WORK TO COMPLETE
Reproduce the listing in full, pictures excluded.

DATASET SECTION
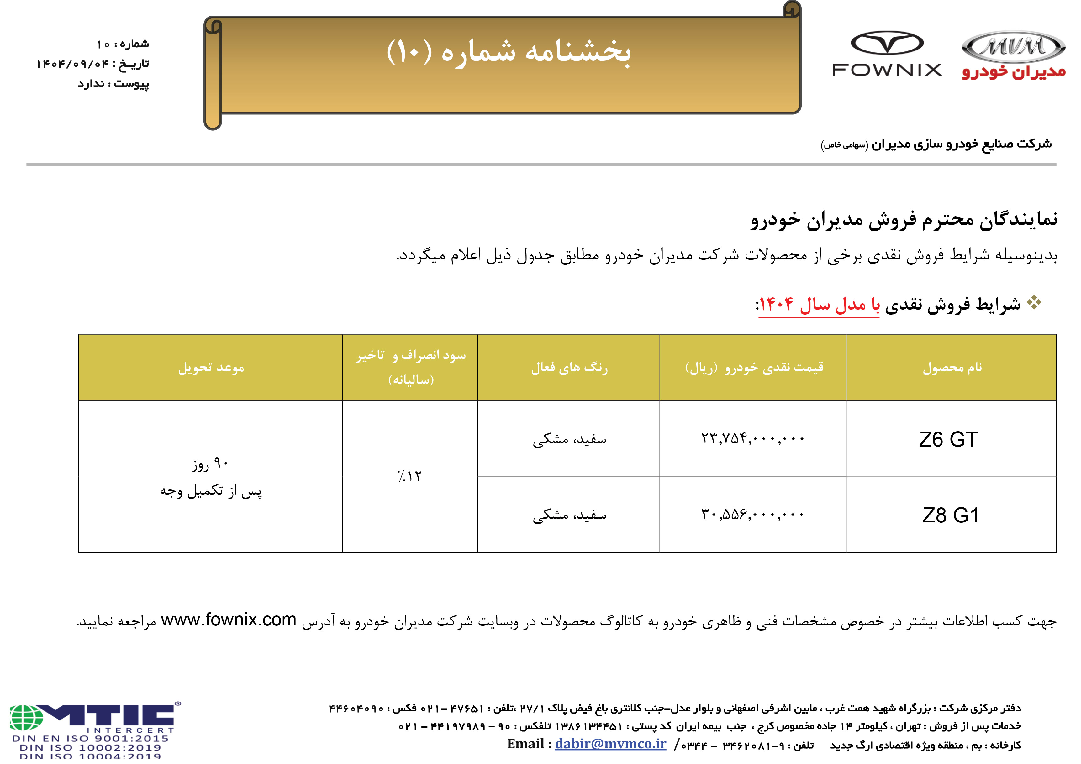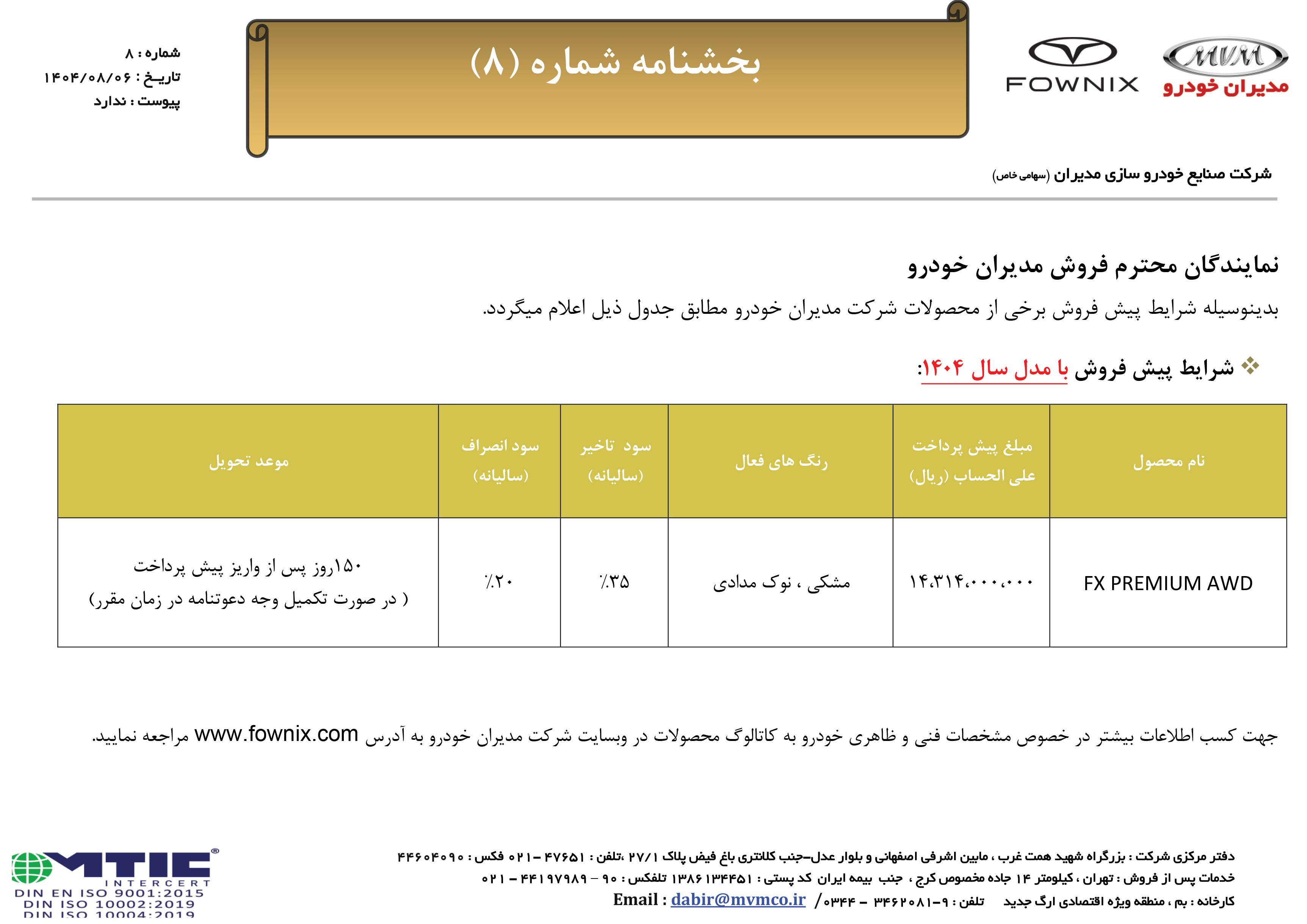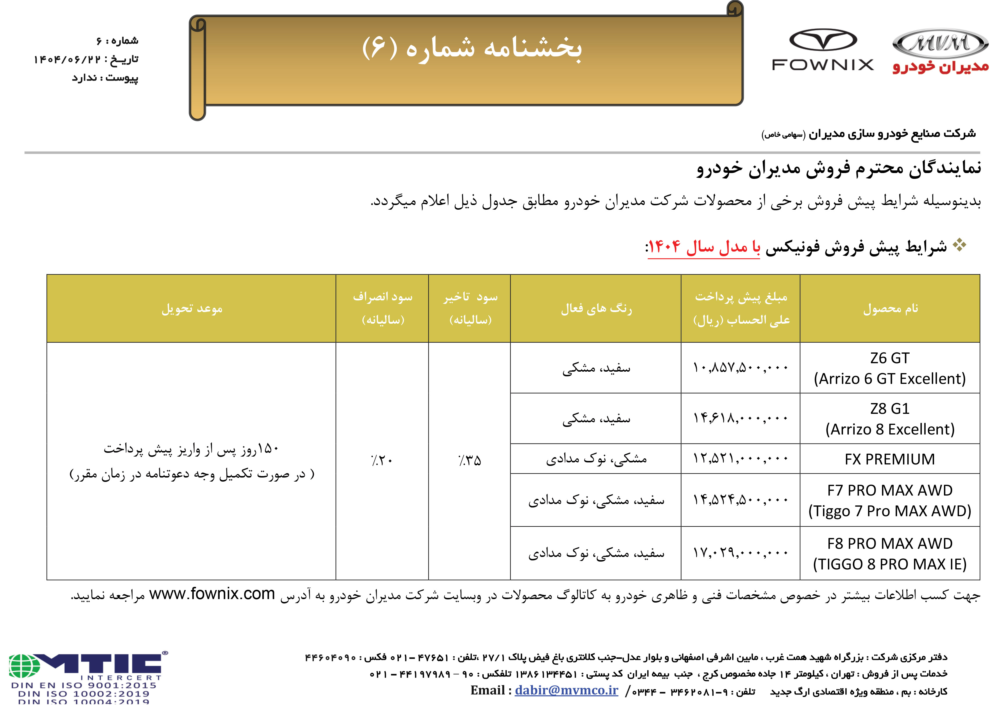 شرکت مدیران خودرو از تاریخ 21 آبانماه 1404، قیمت ثبت نام محصولات فونیکس را مطابق جدول زیر، افزایش داده است:
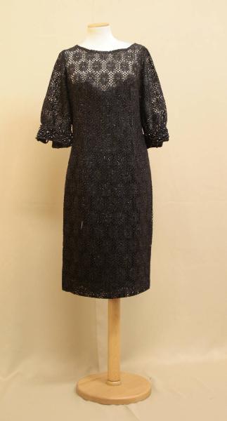 Abito corto di linea diritta, in merletto meccanico ad imitazione uncinetto, in filato nero e lurex, con motivo a corolle stilizzate. Scollo a barca, maniche a 3/4 con polsino con 2 bottoni, ricamato con perline di varie forme, Abito sagomato in vita da pinces verticali chiuse. Apertura posteriore centrale con cerniera. Fodera,dal seno all'orlo, in taffetas nero. Etichetta in nastro operato con marchio, all'interno sul fianco destro.
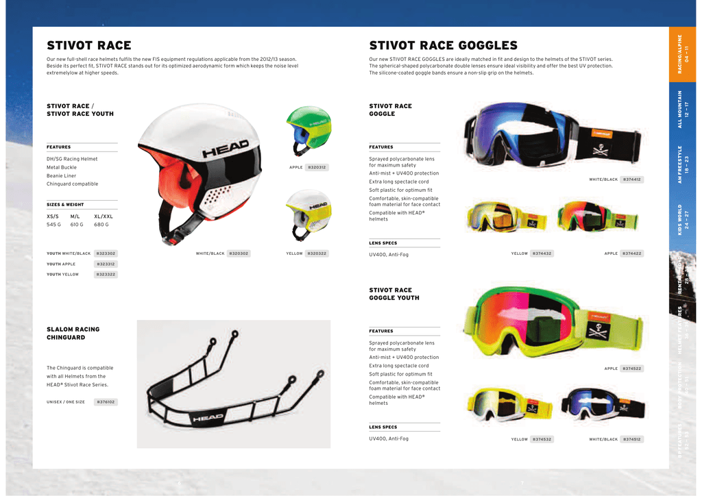 FEATURES FEATURES Metal Buckle APPLE #320312 Sprayed polycarbonate lens for maximum safety Beanie Liner Anti-mist + UV400 protection Chinguard compatible Extra long spectacle cord WHITE/BLACK #374412 APPLE #374422 APPLE #374522 WHITE/BLACK #374512 AM FREESTYLE DH/SG Racing Helmet 04 — 11 STIVOT RACE GOGGLE RACING/ALPINE STIVOT RACE / STIVOT RACE YOUTH 12 — 17 Our new STIVOT RACE GOGGLES are ideally matched in fit and design to the helmets of the STIVOT series. The spherical-shaped polycarbonate double lenses ensure ideal visibility and offer the best UV protection. The silicone-coated goggle bands ensure a non-slip grip on the helmets. ALL MOUNTAIN STIVOT RACE GOGGLES Our new full-shell race helmets fulfils the new FIS equipment regulations applicable from the 2012/13 season. Beside its perfect fit, STIVOT RACE stands out for its optimized aerodynamic form which keeps the noise level extremelylow at higher speeds. 18 — 23 STIVOT RACE XS/S M/L XL/XXL 545 G 610 G 680 G KIDS WORLD Comfortable, skin-compatible foam material for face contact SIZES & WEIGHT Compatible with HEAD ® helmets 24 — 27 Soft plastic for optimum fit #323312 YOUTH YELLOW #323322 #320302 YELLOW #320322 UV400, Anti-Fog YELLOW #374432 RENTAL / SD+D YOUTH APPLE WHITE/BLACK SLALOM RACING CHINGUARD HELMET FEATURES STIVOT RACE GOGGLE YOUTH FEATURES Sprayed polycarbonate lens for maximum safety 36 — 39 #323302 28 — 35 LENS SPECS YOUTH WHITE/BLACK HEAD ® Stivot Race Series. Comfortable, skin-compatible foam material for face contact UNISEX / ONE SIZE Compatible with HEAD ® helmets #376102 LENS SPECS UV400, Anti-Fog 6 YELLOW 7 #374532 40 — 51 Soft plastic for optimum fit BODY PROTECTION Extra long spectacle cord with all Helmets from the 52 — 53 The Chinguard is compatible BP FEATURES Anti-mist + UV400 protection contents Welcome Page 4 Page 5 – 8 – 13 Bindings Page 10 Skis Bags Page 14 – 17 Page 18 Poles Page 19 Boots 20 Ski Straps Page 20 - 22 Protection Page Page 23 Goggles Page 24 - 27 Apparel SKIS | GIANT Slalom GIANT SLALOM 1 Worldc up Rebe ls cts «normal» is brochure contains produ Th 3. 01 / 2 12 20 g cin Ra ges Welcome to HEAD uipment on the following pa eq e Th i. sk r ve ne , ch tou r skiers will never see, neve . You are among test athletes that ever lived fas the of me so by d an is developed for t beat d commitment – and migh an w -ho ow kn ir the m fro the few to directly profit en your time has come. them to the finish line wh .GS RD features: lengths: dimensions: • KERS 19 1 • Intelligence Te 105 / 69 / 90 ch • Worldcup sand nology wich 188 construction 104 / 69 / 89 • RD racing top 183 sheet 104 / 68 / 89 • Race structur ed 178 speed UHM C high 10 2 / 68 / 87 base • Rebel Cambe r 175 •FIS approved 104 / 68 / 89 for Continental Cu p and Masters •HEAD Race Pl ate RDX radius: 27.8 27.8 art n˚: 310002 25.4 25.4 23.0 giant slalom men Special feat ure: • FIS approved for World Cu p and European Cu p only How it works. flex at Skis experience maximum ment, mo this At n. the end of a tur rgy ene s ase rele hip an active microc the of rs fibe tric lec into the piezoe at ling vel tra y icit tail – with electr in s pen hap this t, the speed of ligh of tail the – ond sec fractions of a ediately the ski then stiffens up, imm ximum ma for d oun increasing reb turn. out the of end acceleration at the length: dimensions: 195 98 / 65 / 81 radius: 35.0 art n˚: 310092 giant slalom WOmen Special feat ure: • FIS approved for World Cu p and European Cu p only 1 Information in this brochure length: 188 dimensions: 102 / 65 / 82 radius: 30.0 art n˚: 310102 may change w ithout notice. On fire. 4 ration t provides additional accele little like an afterburner tha t one. nex the for KERS Technology works a ed spe of a turn – capturing end the in ski the of tail by stiffening the system. , fully automatic, integrated HEAD KERS is an electronic 5 SKIS | slalom SKIS | downhill / super g downhill 3 Worldc up .DH RD features: • KERS • Intelligence Te • Worldcup sa chnology ndwich constructio n • RD racing to p • Race struct sheet ured high speed UHM C base • Rebel Cam ber • FIS approv ed • Race Plate lengths: 216 dimension s: radius: 96 / 70 / 84 21 1 art n˚: 48.5 96 / 70 / 84 319902 46.8 3199 1 2 super g 4 Worldc up .SG RD features: • KERS • Intelligence Te • Worldcup sa chnology ndwich constructio n • RD racing to p • Race struct sheet ured high speed UHM C base • Rebel Cam ber • FIS approv ed • Race Plate slalom 2 World features cup Re bels : lengths: • KERS 165 • Intelligence Te • Worldcup sa chnology 16 0 ndwich constructio n 155 • RD racing top • Race struct sheet ur speed UHM ed high C base • Rebel Cam be • FIS approv r ed • HEAD Race Plate RDX dimension s: 117 / 66 / 100 116 / 66 / 99 115 / 66 / 97 .SL RD radius: 13.0 12.5 art n˚: lengths: 210 203 200 dimension s: radius: 100 / 68 / 84 art n˚: 39.4 99 / 68 / 83 319922 37.0 99 / 68 / 87 319932 34.6 319942 310032 super g juni 12.5 5 or Worldc features: • KERS • Intelligence Te • Worldcup sa chnology ndwich constructio n • RD racing to p • Race struct sheet ured high speed UHM C base • Rebel Cam ber • FIS approv ed • Raceplate Ju nior 2 up .SG RD JRP RDX lengths: 192 182 175 dimension s: 98 / 66 / 85 96 / 66 / 85 93 / 65 / 82 radius: 31 .8 28.0 27.0 art n˚: 319952 319962 319972 3 4 / 5 6 7 SKIS | JUNIOR RACING Giant slalom junior 6 X WC GS Team SW JRP RD features: lengths: dimensions: radius: art n˚: • Intelligence Technology • Worldcup sandwich construction • RD racing top sheet • Race structured UHM C base • Raceplate Junior 172 100 / 65 / 87 21.0 314002 165 101 / 65 / 88 18.5 158 99 / 64 / 86 17.2 15 1 97 / 64 / 84 17.2 144 99 / 64 / 86 14.2 137 96 / 64 / 83 14.2 130 92 / 63 / 79 14.2 123 90 / 63 / 77 14.2 slalom junior 7 6 7 8 X WC SL Team SW JRP RD features: lengths: dimensions: radius: art n˚: 156 1 12 / 64 / 97 12.6 314022 • Intelligence Technol

EXERCISE ANSWER
 شرکت مدیران خودرو از تاریخ 21 آبانماه 1404، قیمت ثبت نام محصولات فونیکس را مطابق جدول زیر، افزایش داده است:
 Abito corto di linea diritta, in merletto meccanico ad imitazione uncinetto, in filato nero e lurex, con motivo a corolle stilizzate. Scollo a barca, maniche a 3/4 con polsino con 2 bottoni, ricamato con perline di varie forme, Abito sagomato in vita da pinces verticali chiuse. Apertura posteriore centrale con cerniera. Fodera,dal seno all'orlo, in taffetas nero. Etichetta in nastro operato con marchio, all'interno sul fianco destro.
 FEATURES FEATURES Metal Buckle APPLE #320312 Sprayed polycarbonate lens for maximum safety Beanie Liner Anti-mist + UV400 protection Chinguard compatible Extra long spectacle cord WHITE/BLACK #374412 APPLE #374422 APPLE #374522 WHITE/BLACK #374512 AM FREESTYLE DH/SG Racing Helmet 04 — 11 STIVOT RACE GOGGLE RACING/ALPINE STIVOT RACE / STIVOT RACE YOUTH 12 — 17 Our new STIVOT RACE GOGGLES are ideally matched in fit and design to the helmets of the STIVOT series. The spherical-shaped polycarbonate double lenses ensure ideal visibility and offer the best UV protection. The silicone-coated goggle bands ensure a non-slip grip on the helmets. ALL MOUNTAIN STIVOT RACE GOGGLES Our new full-shell race helmets fulfils the new FIS equipment regulations applicable from the 2012/13 season. Beside its perfect fit, STIVOT RACE stands out for its optimized aerodynamic form which keeps the noise level extremelylow at higher speeds. 18 — 23 STIVOT RACE XS/S M/L XL/XXL 545 G 610 G 680 G KIDS WORLD Comfortable, skin-compatible foam material for face contact SIZES & WEIGHT Compatible with HEAD ® helmets 24 — 27 Soft plastic for optimum fit #323312 YOUTH YELLOW #323322 #320302 YELLOW #320322 UV400, Anti-Fog YELLOW #374432 RENTAL / SD+D YOUTH APPLE WHITE/BLACK SLALOM RACING CHINGUARD HELMET FEATURES STIVOT RACE GOGGLE YOUTH FEATURES Sprayed polycarbonate lens for maximum safety 36 — 39 #323302 28 — 35 LENS SPECS YOUTH WHITE/BLACK HEAD ® Stivot Race Series. Comfortable, skin-compatible foam material for face contact UNISEX / ONE SIZE Compatible with HEAD ® helmets #376102 LENS SPECS UV400, Anti-Fog 6 YELLOW 7 #374532 40 — 51 Soft plastic for optimum fit BODY PROTECTION Extra long spectacle cord with all Helmets from the 52 — 53 The Chinguard is compatible BP FEATURES Anti-mist + UV400 protection contents Welcome Page 4 Page 5 – 8 – 13 Bindings Page 10 Skis Bags Page 14 – 17 Page 18 Poles Page 19 Boots 20 Ski Straps Page 20 - 22 Protection Page Page 23 Goggles Page 24 - 27 Apparel SKIS | GIANT Slalom GIANT SLALOM 1 Worldc up Rebe ls cts «normal» is brochure contains produ Th 3. 01 / 2 12 20 g cin Ra ges Welcome to HEAD uipment on the following pa eq e Th i. sk r ve ne , ch tou r skiers will never see, neve . You are among test athletes that ever lived fas the of me so by d an is developed for t beat d commitment – and migh an w -ho ow kn ir the m fro the few to directly profit en your time has come. them to the finish line wh .GS RD features: lengths: dimensions: • KERS 19 1 • Intelligence Te 105 / 69 / 90 ch • Worldcup sand nology wich 188 construction 104 / 69 / 89 • RD racing top 183 sheet 104 / 68 / 89 • Race structur ed 178 speed UHM C high 10 2 / 68 / 87 base • Rebel Cambe r 175 •FIS approved 104 / 68 / 89 for Continental Cu p and Masters •HEAD Race Pl ate RDX radius: 27.8 27.8 art n˚: 310002 25.4 25.4 23.0 giant slalom men Special feat ure: • FIS approved for World Cu p and European Cu p only How it works. flex at Skis experience maximum ment, mo this At n. the end of a tur rgy ene s ase rele hip an active microc the of rs fibe tric lec into the piezoe at ling vel tra y icit tail – with electr in s pen hap this t, the speed of ligh of tail the – ond sec fractions of a ediately the ski then stiffens up, imm ximum ma for d oun increasing reb turn. out the of end acceleration at the length: dimensions: 195 98 / 65 / 81 radius: 35.0 art n˚: 310092 giant slalom WOmen Special feat ure: • FIS approved for World Cu p and European Cu p only 1 Information in this brochure length: 188 dimensions: 102 / 65 / 82 radius: 30.0 art n˚: 310102 may change w ithout notice. On fire. 4 ration t provides additional accele little like an afterburner tha t one. nex the for KERS Technology works a ed spe of a turn – capturing end the in ski the of tail by stiffening the system. , fully automatic, integrated HEAD KERS is an electronic 5 SKIS | slalom SKIS | downhill / super g downhill 3 Worldc up .DH RD features: • KERS • Intelligence Te • Worldcup sa chnology ndwich constructio n • RD racing to p • Race struct sheet ured high speed UHM C base • Rebel Cam ber • FIS approv ed • Race Plate lengths: 216 dimension s: radius: 96 / 70 / 84 21 1 art n˚: 48.5 96 / 70 / 84 319902 46.8 3199 1 2 super g 4 Worldc up .SG RD features: • KERS • Intelligence Te • Worldcup sa chnology ndwich constructio n • RD racing to p • Race struct sheet ured high speed UHM C base • Rebel Cam ber • FIS approv ed • Race Plate slalom 2 World features cup Re bels : lengths: • KERS 165 • Intelligence Te • Worldcup sa chnology 16 0 ndwich constructio n 155 • RD racing top • Race struct sheet ur speed UHM ed high C base • Rebel Cam be • FIS approv r ed • HEAD Race Plate RDX dimension s: 117 / 66 / 100 116 / 66 / 99 115 / 66 / 97 .SL RD radius: 13.0 12.5 art n˚: lengths: 210 203 200 dimension s: radius: 100 / 68 / 84 art n˚: 39.4 99 / 68 / 83 319922 37.0 99 / 68 / 87 319932 34.6 319942 310032 super g juni 12.5 5 or Worldc features: • KERS • Intelligence Te • Worldcup sa chnology ndwich constructio n • RD racing to p • Race struct sheet ured high speed UHM C base • Rebel Cam ber • FIS approv ed • Raceplate Ju nior 2 up .SG RD JRP RDX lengths: 192 182 175 dimension s: 98 / 66 / 85 96 / 66 / 85 93 / 65 / 82 radius: 31 .8 28.0 27.0 art n˚: 319952 319962 319972 3 4 / 5 6 7 SKIS | JUNIOR RACING Giant slalom junior 6 X WC GS Team SW JRP RD features: lengths: dimensions: radius: art n˚: • Intelligence Technology • Worldcup sandwich construction • RD racing top sheet • Race structured UHM C base • Raceplate Junior 172 100 / 65 / 87 21.0 314002 165 101 / 65 / 88 18.5 158 99 / 64 / 86 17.2 15 1 97 / 64 / 84 17.2 144 99 / 64 / 86 14.2 137 96 / 64 / 83 14.2 130 92 / 63 / 79 14.2 123 90 / 63 / 77 14.2 slalom junior 7 6 7 8 X WC SL Team SW JRP RD features: lengths: dimensions: radius: art n˚: 156 1 12 / 64 / 97 12.6 314022 • Intelligence Technol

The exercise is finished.